▶ **Work request**
Starting at the line with "Interni in essenza" and ending at the line with "Μελιτζάνες εποχής γεμιστές", print exactly the lines of the entries below. Pictures do not belong in the copy.

▶ **Source data**
Content starts
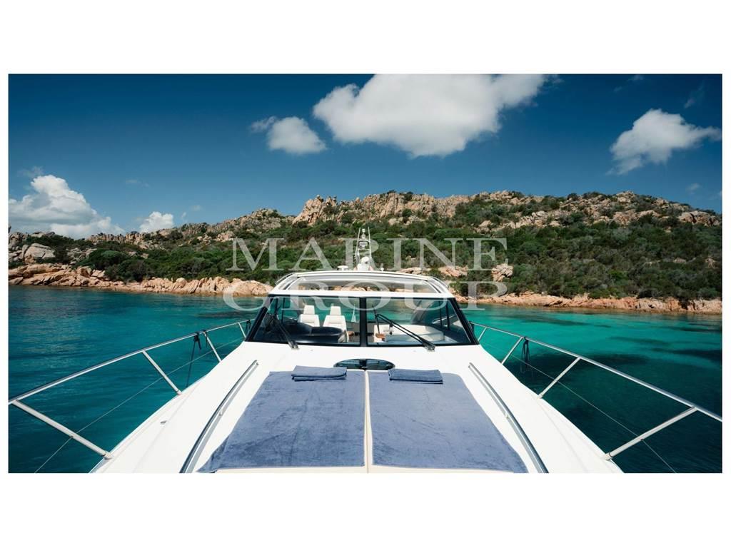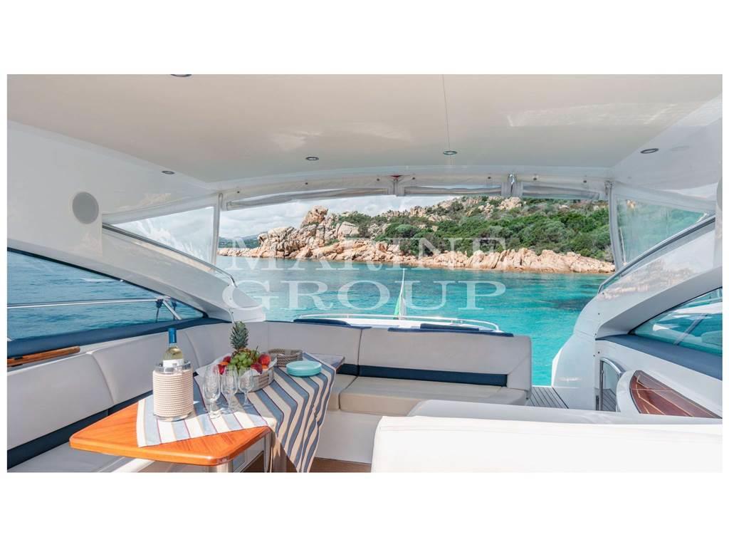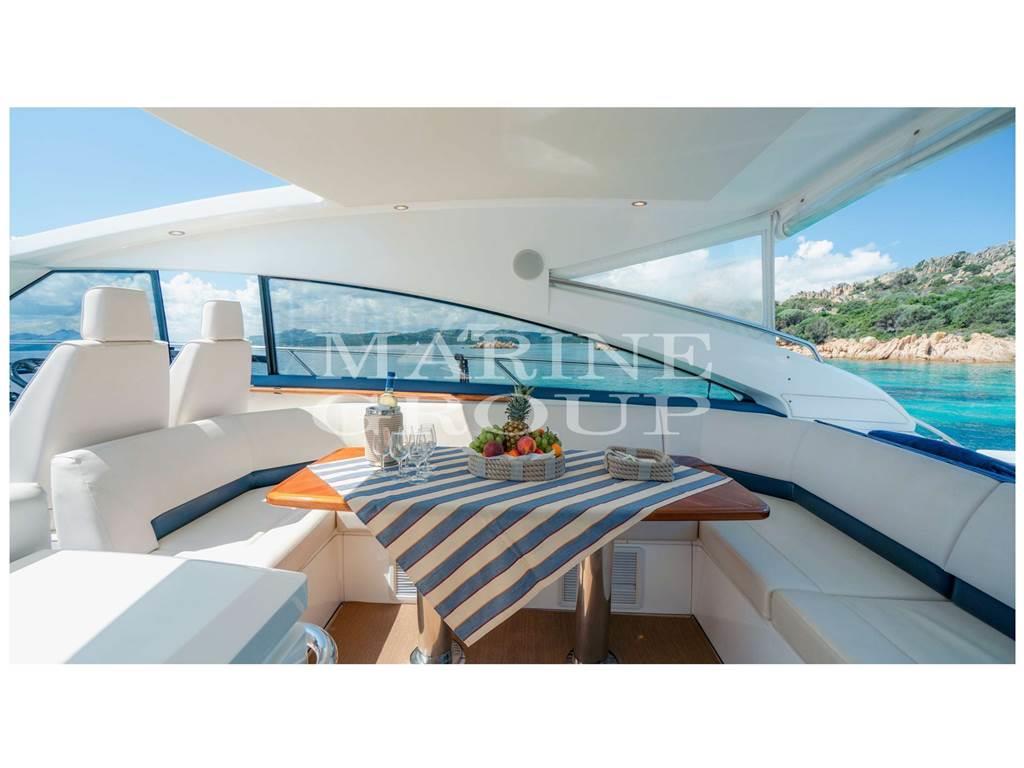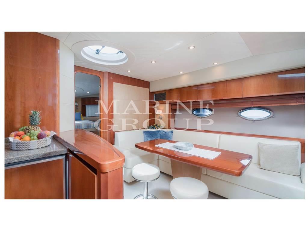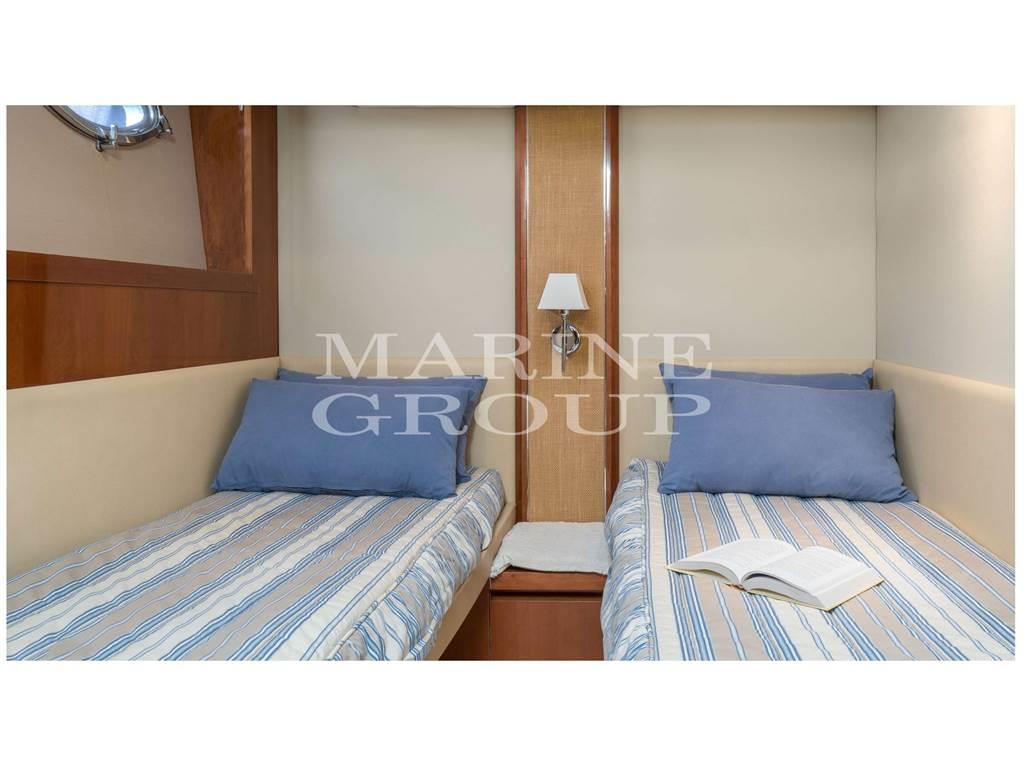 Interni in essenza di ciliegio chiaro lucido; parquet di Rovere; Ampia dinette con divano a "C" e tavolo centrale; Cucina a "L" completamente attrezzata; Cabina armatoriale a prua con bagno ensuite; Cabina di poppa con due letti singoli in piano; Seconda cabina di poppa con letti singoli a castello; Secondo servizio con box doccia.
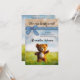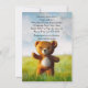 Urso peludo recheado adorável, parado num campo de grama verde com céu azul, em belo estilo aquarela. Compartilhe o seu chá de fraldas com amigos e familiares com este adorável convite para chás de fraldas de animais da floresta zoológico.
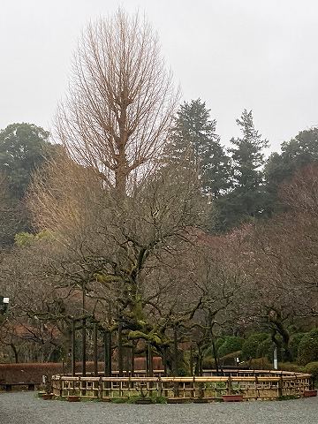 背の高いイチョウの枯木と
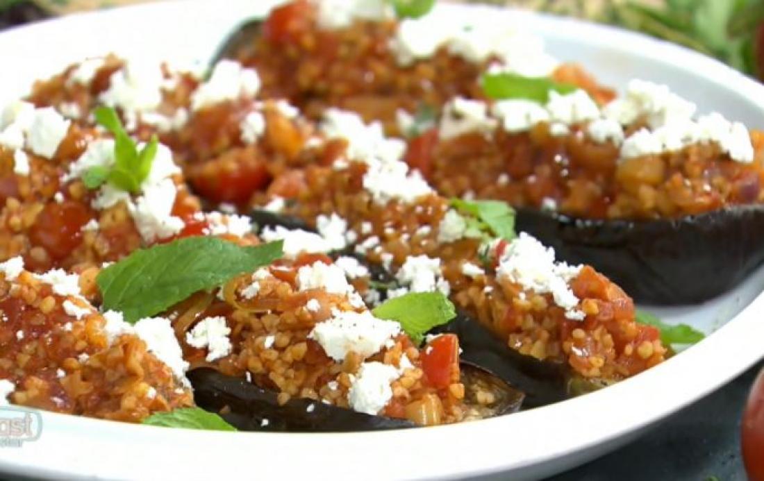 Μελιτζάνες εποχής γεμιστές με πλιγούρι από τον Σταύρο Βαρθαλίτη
Content ends
Content starts
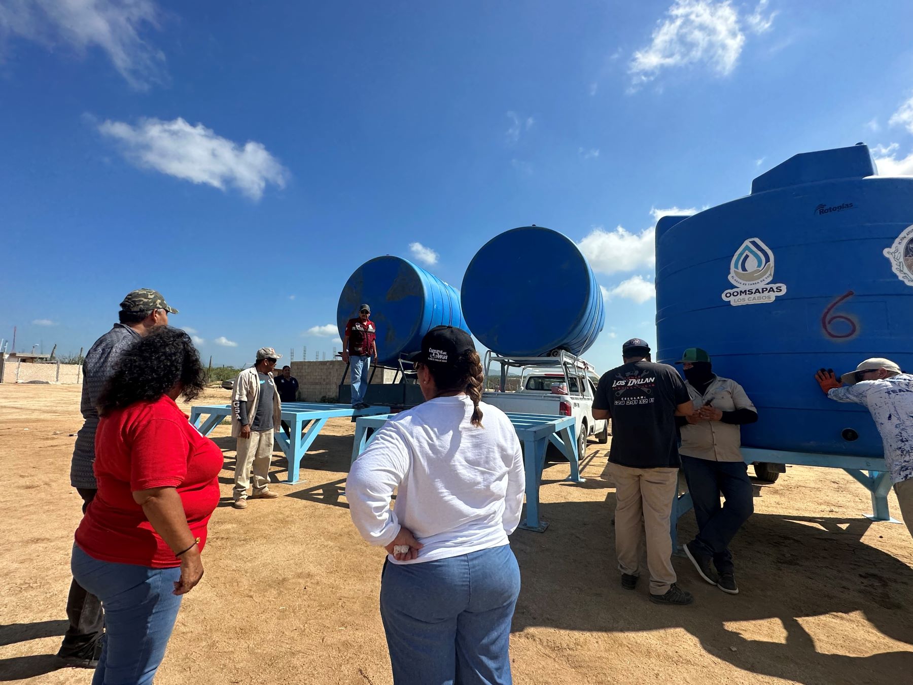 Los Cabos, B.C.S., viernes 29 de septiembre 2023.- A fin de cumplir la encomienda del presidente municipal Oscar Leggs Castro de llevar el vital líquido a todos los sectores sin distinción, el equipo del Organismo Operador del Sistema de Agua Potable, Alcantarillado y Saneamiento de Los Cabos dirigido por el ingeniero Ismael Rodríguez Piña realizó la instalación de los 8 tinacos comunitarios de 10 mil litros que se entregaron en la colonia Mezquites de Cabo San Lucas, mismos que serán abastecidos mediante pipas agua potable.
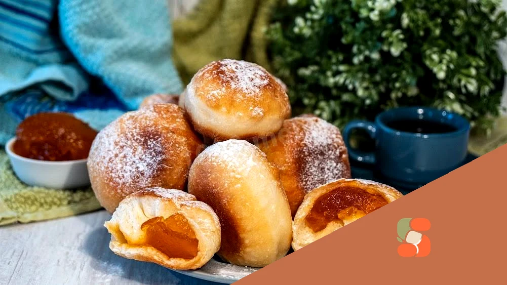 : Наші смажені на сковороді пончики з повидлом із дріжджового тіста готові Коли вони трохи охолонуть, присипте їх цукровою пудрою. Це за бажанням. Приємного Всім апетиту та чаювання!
Content ends
▶ **Response box**
 Interni in essenza di ciliegio chiaro lucido; parquet di Rovere; Ampia dinette con divano a "C" e tavolo centrale; Cucina a "L" completamente attrezzata; Cabina armatoriale a prua con bagno ensuite; Cabina di poppa con due letti singoli in piano; Seconda cabina di poppa con letti singoli a castello; Secondo servizio con box doccia.
 Urso peludo recheado adorável, parado num campo de grama verde com céu azul, em belo estilo aquarela. Compartilhe o seu chá de fraldas com amigos e familiares com este adorável convite para chás de fraldas de animais da floresta zoológico.
 背の高いイチョウの枯木と
 Μελιτζάνες εποχής γεμιστές με πλιγούρι από τον Σταύρο Βαρθαλίτη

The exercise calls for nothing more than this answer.